Start of Given records
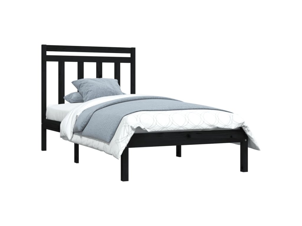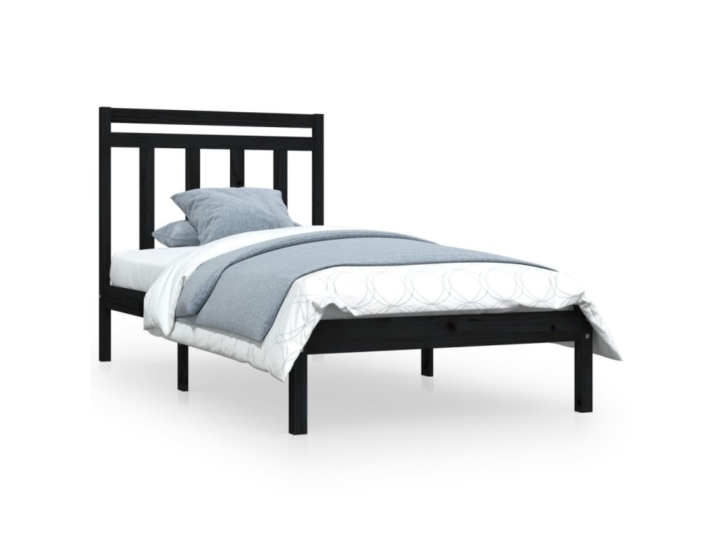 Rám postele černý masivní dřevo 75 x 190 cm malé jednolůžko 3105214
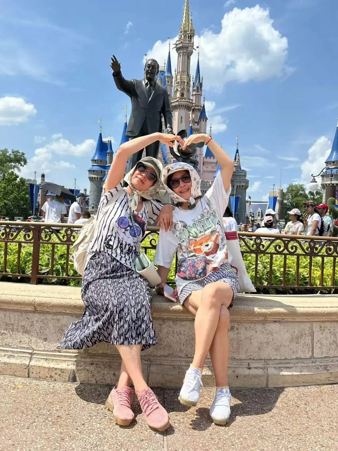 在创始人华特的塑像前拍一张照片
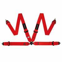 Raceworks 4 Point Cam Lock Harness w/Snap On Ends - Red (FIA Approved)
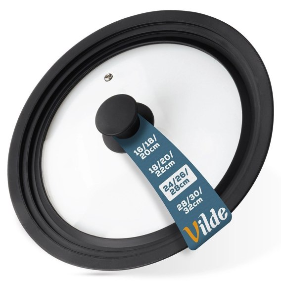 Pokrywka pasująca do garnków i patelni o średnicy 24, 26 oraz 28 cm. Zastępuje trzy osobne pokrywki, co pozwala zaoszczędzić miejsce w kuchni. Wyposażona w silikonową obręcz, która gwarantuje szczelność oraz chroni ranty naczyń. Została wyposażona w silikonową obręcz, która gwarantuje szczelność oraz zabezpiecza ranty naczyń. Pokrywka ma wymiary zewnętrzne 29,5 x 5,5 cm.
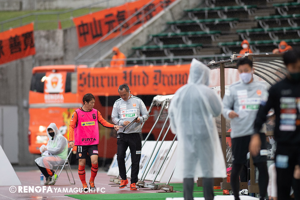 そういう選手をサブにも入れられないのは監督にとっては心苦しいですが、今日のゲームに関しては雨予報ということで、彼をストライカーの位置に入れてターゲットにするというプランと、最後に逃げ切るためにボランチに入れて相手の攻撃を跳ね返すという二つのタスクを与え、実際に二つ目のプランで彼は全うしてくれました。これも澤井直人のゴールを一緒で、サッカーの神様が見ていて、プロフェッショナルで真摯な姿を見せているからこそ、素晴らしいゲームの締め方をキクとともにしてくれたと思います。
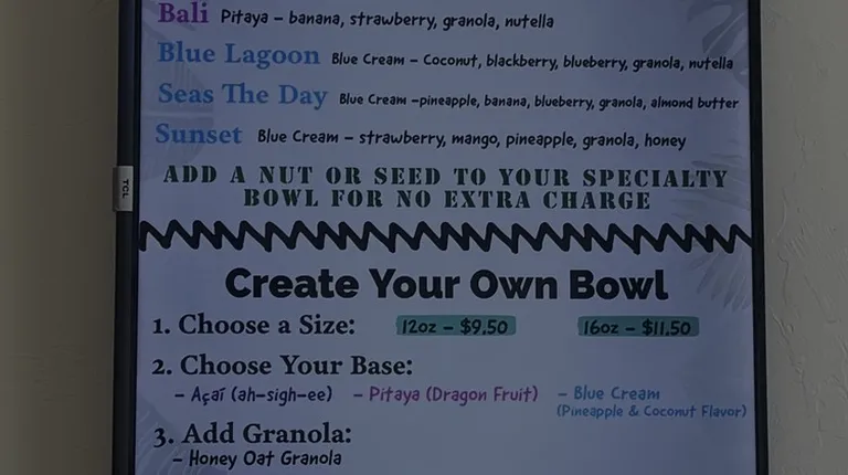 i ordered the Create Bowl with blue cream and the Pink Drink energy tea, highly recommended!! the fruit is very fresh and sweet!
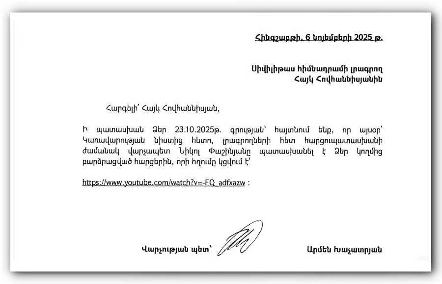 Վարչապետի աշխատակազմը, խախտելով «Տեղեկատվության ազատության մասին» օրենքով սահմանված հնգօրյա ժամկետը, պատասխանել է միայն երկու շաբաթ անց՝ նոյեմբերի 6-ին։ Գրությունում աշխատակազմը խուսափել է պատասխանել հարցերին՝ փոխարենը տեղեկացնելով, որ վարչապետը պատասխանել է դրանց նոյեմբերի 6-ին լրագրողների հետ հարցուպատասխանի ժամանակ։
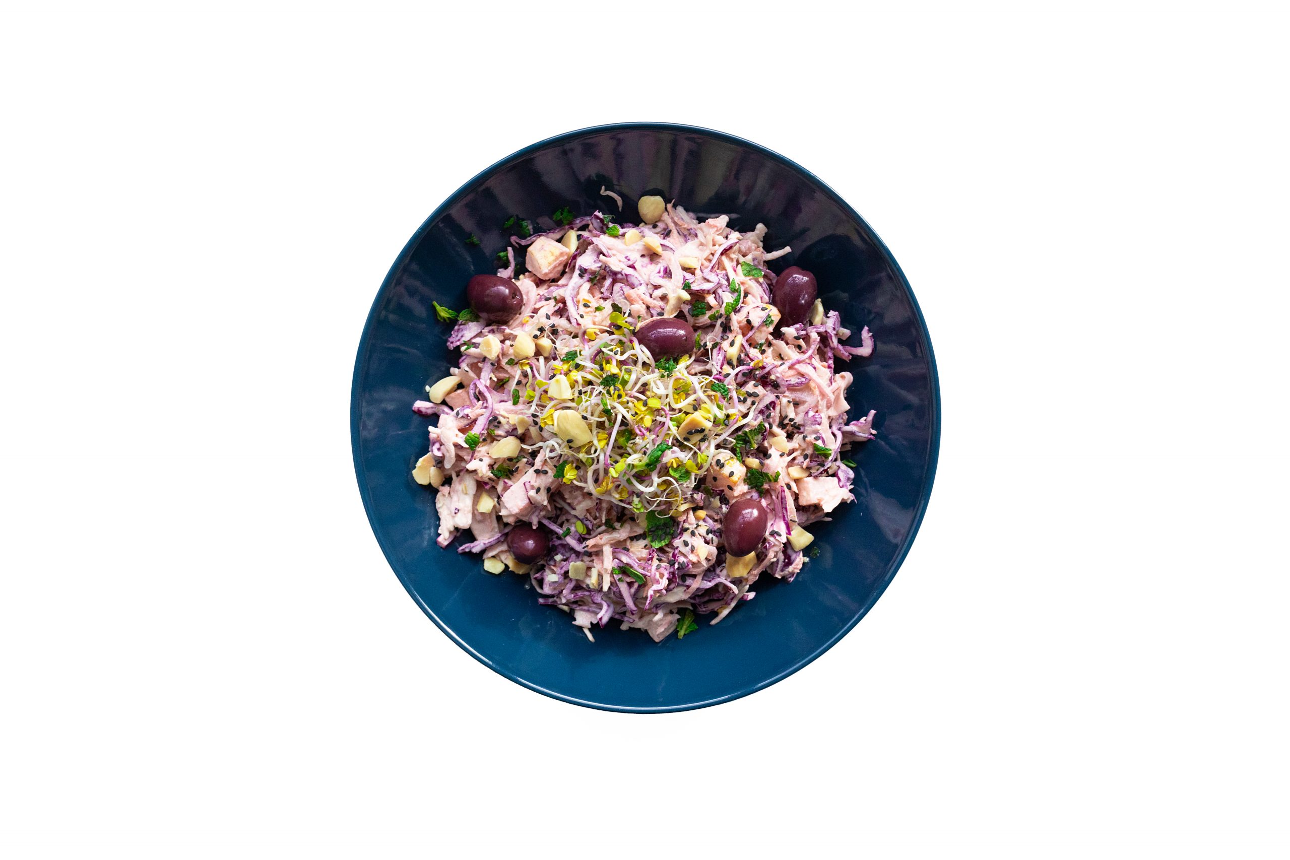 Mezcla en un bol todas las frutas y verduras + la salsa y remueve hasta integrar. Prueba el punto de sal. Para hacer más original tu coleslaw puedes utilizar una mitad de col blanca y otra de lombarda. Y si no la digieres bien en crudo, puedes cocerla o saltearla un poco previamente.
End of Given records
> _What is needed_: The material is to be written out word for word, and the pictures are to be left out.

> _Solution to the problem_:
 Rám postele černý masivní dřevo 75 x 190 cm malé jednolůžko 3105214
 在创始人华特的塑像前拍一张照片
 Raceworks 4 Point Cam Lock Harness w/Snap On Ends - Red (FIA Approved)
 Pokrywka pasująca do garnków i patelni o średnicy 24, 26 oraz 28 cm. Zastępuje trzy osobne pokrywki, co pozwala zaoszczędzić miejsce w kuchni. Wyposażona w silikonową obręcz, która gwarantuje szczelność oraz chroni ranty naczyń. Została wyposażona w silikonową obręcz, która gwarantuje szczelność oraz zabezpiecza ranty naczyń. Pokrywka ma wymiary zewnętrzne 29,5 x 5,5 cm.
 そういう選手をサブにも入れられないのは監督にとっては心苦しいですが、今日のゲームに関しては雨予報ということで、彼をストライカーの位置に入れてターゲットにするというプランと、最後に逃げ切るためにボランチに入れて相手の攻撃を跳ね返すという二つのタスクを与え、実際に二つ目のプランで彼は全うしてくれました。これも澤井直人のゴールを一緒で、サッカーの神様が見ていて、プロフェッショナルで真摯な姿を見せているからこそ、素晴らしいゲームの締め方をキクとともにしてくれたと思います。
 i ordered the Create Bowl with blue cream and the Pink Drink energy tea, highly recommended!! the fruit is very fresh and sweet!
 Վարչապետի աշխատակազմը, խախտելով «Տեղեկատվության ազատության մասին» օրենքով սահմանված հնգօրյա ժամկետը, պատասխանել է միայն երկու շաբաթ անց՝ նոյեմբերի 6-ին։ Գրությունում աշխատակազմը խուսափել է պատասխանել հարցերին՝ փոխարենը տեղեկացնելով, որ վարչապետը պատասխանել է դրանց նոյեմբերի 6-ին լրագրողների հետ հարցուպատասխանի ժամանակ։
 Mezcla en un bol todas las frutas y verduras + la salsa y remueve hasta integrar. Prueba el punto de sal. Para hacer más original tu coleslaw puedes utilizar una mitad de col blanca y otra de lombarda. Y si no la digieres bien en crudo, puedes cocerla o saltearla un poco previamente.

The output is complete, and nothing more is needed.